Source data ->
####

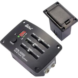 Preamplificador para guitarra electroacústica, EQ de 4 bandas con afinador cromático integrado, funciona con una pila de 9V, impedancia de entrada: 20 mili-ohms, impedancia de salida: 1 kilo-ohm, LED indicador de nivel de batería, pastilla OMEGA-II (piezo-cable), dimensiones: 72 x 50 mm.
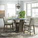 The simply stunning Dapper Round Counter is perfect for entertaining multiple guests at dinner or having a casual brunch. Topped off with a sleek, clear glass tabletop, this rectangular glass dining table displays an abundance of style. The arched walnut legs come with a storage shelf through the center for added support, and the sharp, minimalist lines add a chic, modern vibe to your space. Dress up this exquisite dining table with a floral centerpiece for a pretty pop. Features: • Round Table • Counter Height • Glass Table Top • Pedestal Base • Grey Finish • Transitional Style Dimensions: Depth: 54.0" x Width: 54.0" x Height: 36.0" Weight: 124.0 lbs.
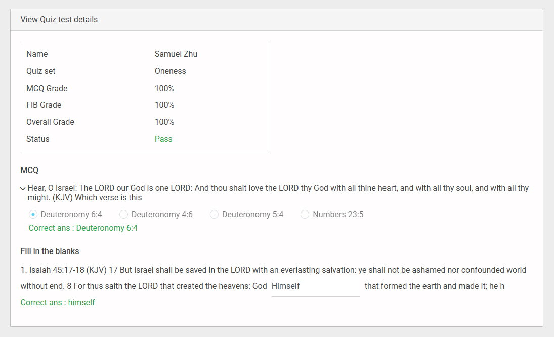 - This is the detailed results page that appears after clicking the View option, showing the user’s quiz information, grades, answers, and correct responses.

####

Exercise goal -> Give back the material above exactly as it appears, minus any picture.

Completed exercise ->
 Preamplificador para guitarra electroacústica, EQ de 4 bandas con afinador cromático integrado, funciona con una pila de 9V, impedancia de entrada: 20 mili-ohms, impedancia de salida: 1 kilo-ohm, LED indicador de nivel de batería, pastilla OMEGA-II (piezo-cable), dimensiones: 72 x 50 mm.
 The simply stunning Dapper Round Counter is perfect for entertaining multiple guests at dinner or having a casual brunch. Topped off with a sleek, clear glass tabletop, this rectangular glass dining table displays an abundance of style. The arched walnut legs come with a storage shelf through the center for added support, and the sharp, minimalist lines add a chic, modern vibe to your space. Dress up this exquisite dining table with a floral centerpiece for a pretty pop. Features: • Round Table • Counter Height • Glass Table Top • Pedestal Base • Grey Finish • Transitional Style Dimensions: Depth: 54.0" x Width: 54.0" x Height: 36.0" Weight: 124.0 lbs.
 - This is the detailed results page that appears after clicking the View option, showing the user’s quiz information, grades, answers, and correct responses.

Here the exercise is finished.